You see no value to taking a music theory class with a platinum artist in your discussions on song structure? Or maybe the rock star wants to expand his horizons a bit and is also in your Ethics class discussing the effect of Napster on his ability to afford tuition. Or maybe he sits next to you in Econ and wants to use his experience in the music biz as the basis for your group project. etc, etc...
Forget the exam nerds, I'll take the real players every time. YMMV
I'm all for rock stars expanding their horizons if they score better than those nerds. Though the education is even in that case likely better invested in the student aiming to get a career in the field, rather than in a rock star's recreational studies.
The "real players" could also visit as guest lecturers on your music theory class, assuming they have good enough merits on the subject.
At least a couple of them were English Lit majors. But I don't really disagree that well-known actors who attended university off and on are really the best examples.
That said, you might be surprised at the number of people who even go to a school like MIT and end up in journalism or something else that isn't obviously related to what you associate the school with.
>Why should your extracurricular hobbies or "you as a person" matter?
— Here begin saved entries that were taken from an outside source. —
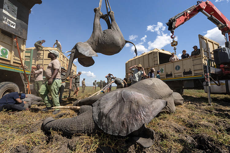 Marcus Westberg’s Airborne shows elephants being moved from Liwonde National Park to Kasungu National Park, Malawi, under the supervision of conservation specialists.
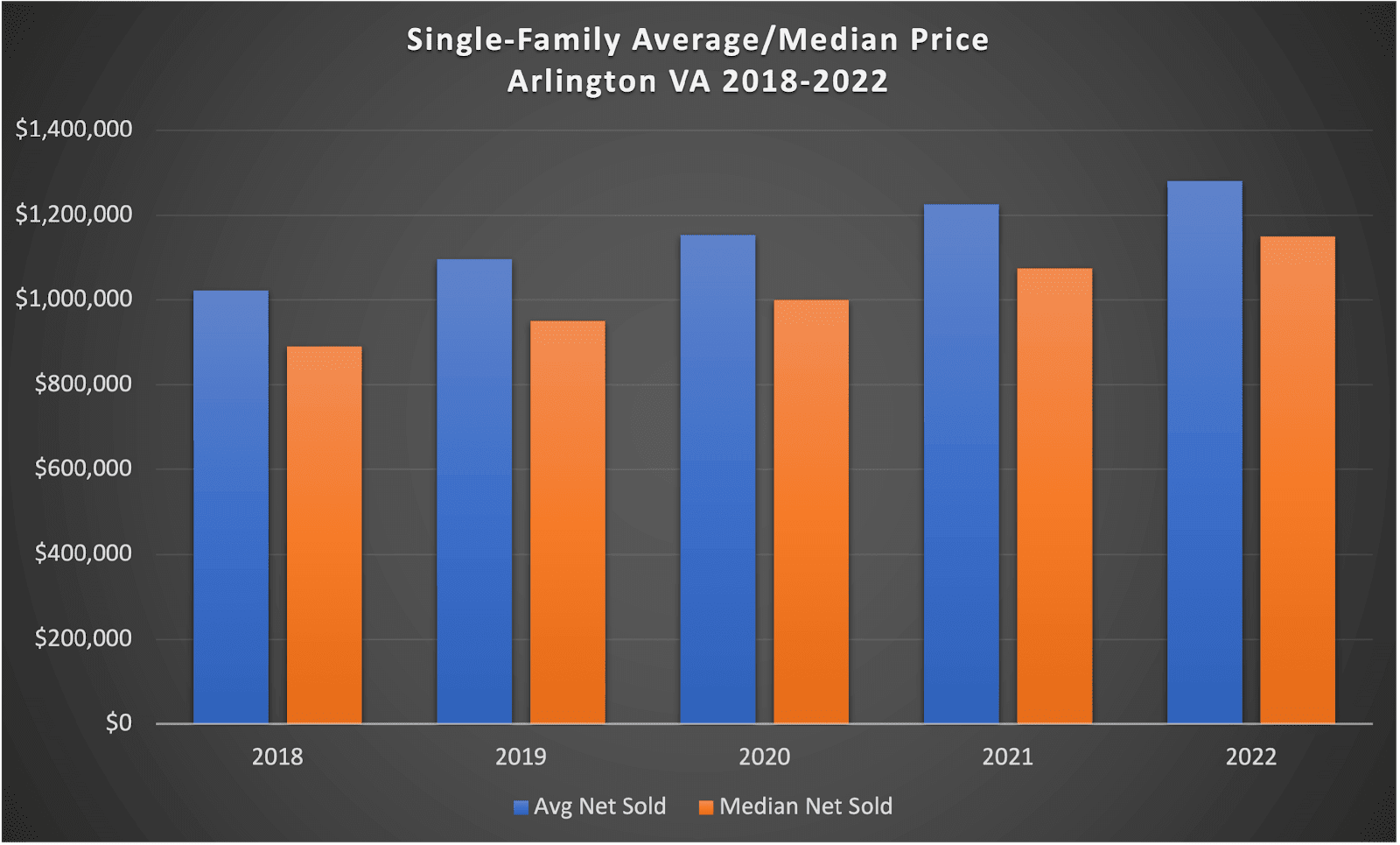 Over the last five years, the average and median price of an SFH in Arlington increased by 25.3% and 29.1%, respectively
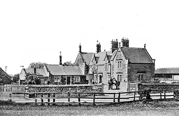 ![]() ![]() ![]() This and the picture above are the only photographs discovered so far which depict Lucker station while it was open, and this is on a postcard sent in July 1908. The forecourt of the station is shown clearly, with the substantial station building in the ‘Jacobethan’ style dominating the scene. Its smooth, coursed stonework, decorated gables and tall chimneystacks can be enjoyed. The single-storey sections at right angles to the two-storey structure are more in keeping with vernacular cottage architecture. The presence of a horse and awkwardly loaded cart, attended by a cloth-capped man, seems to have attracted some onlookers. The stone-built waiting shed on the up platform is visible on the right; it has been closed in with timber and glass by the North Eastern Railway.
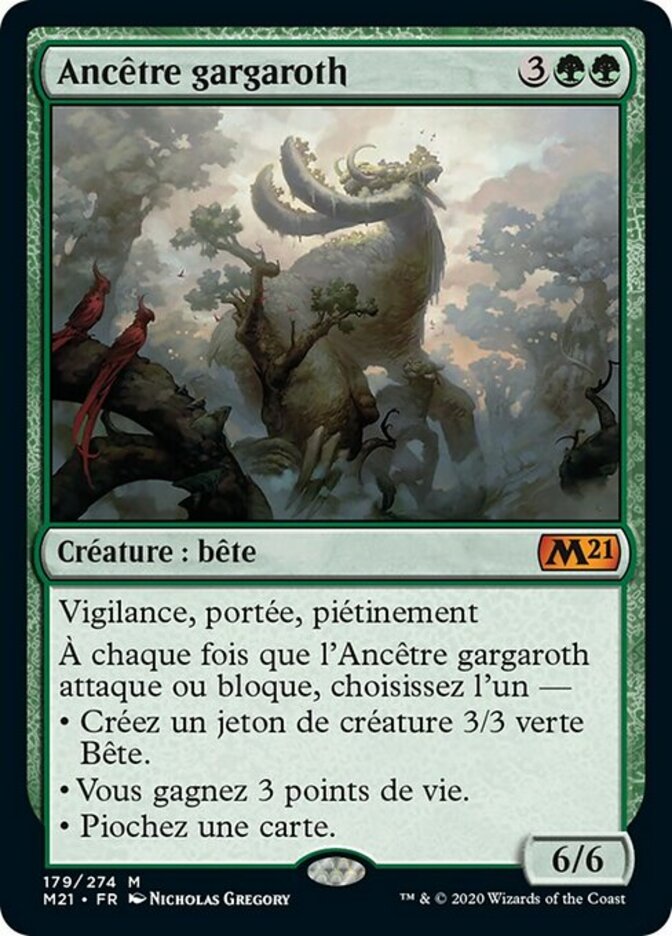| Rules | Vigilance, reach, trample Whenever Elder Gargaroth attacks or blocks, choose one — • Create a 3/3 green Beast creature token. • You gain 3 life. • Draw a card. |

They certainly do at elite US schools. The logic is that there's no shortage of students who could handle the academic work but Harvard or even MIT aren't looking just to admit the students who did best on an exam.
Added: The way it at least used to be done (and I assume this still applies at least somewhat) was that quantitative academic scores are used to set something of a floor but, beyond that, they were just one of the factors that went into admissions decisions. (With weights and other considerations doubtless varying by school.)
My understanding is AP test results are usually used to grant credit for college classes, and not as an admission requirement? I guess it could be a factor in admissions, too, but I recall mostly people doing it to get a bit of a head start towards graduation, rather than to get a better shot at admission. (People passing AP tests are likely to get in _somewhere_, even if not their first choice)
What do you take issue with? The first two are clearly factual. AP tests are limited to a single subject and are 2-3 hours in length.
My comment on grading is also pretty objective, imo. Your AP score is 1-5. And the curve is crazy; when I took AP Physics C E&M I would have gotten a 5 whether I scored 60% or 100%. When reported, though, nobody will know what percentage of the points you scored. OTOH gaokao scores are reported in full.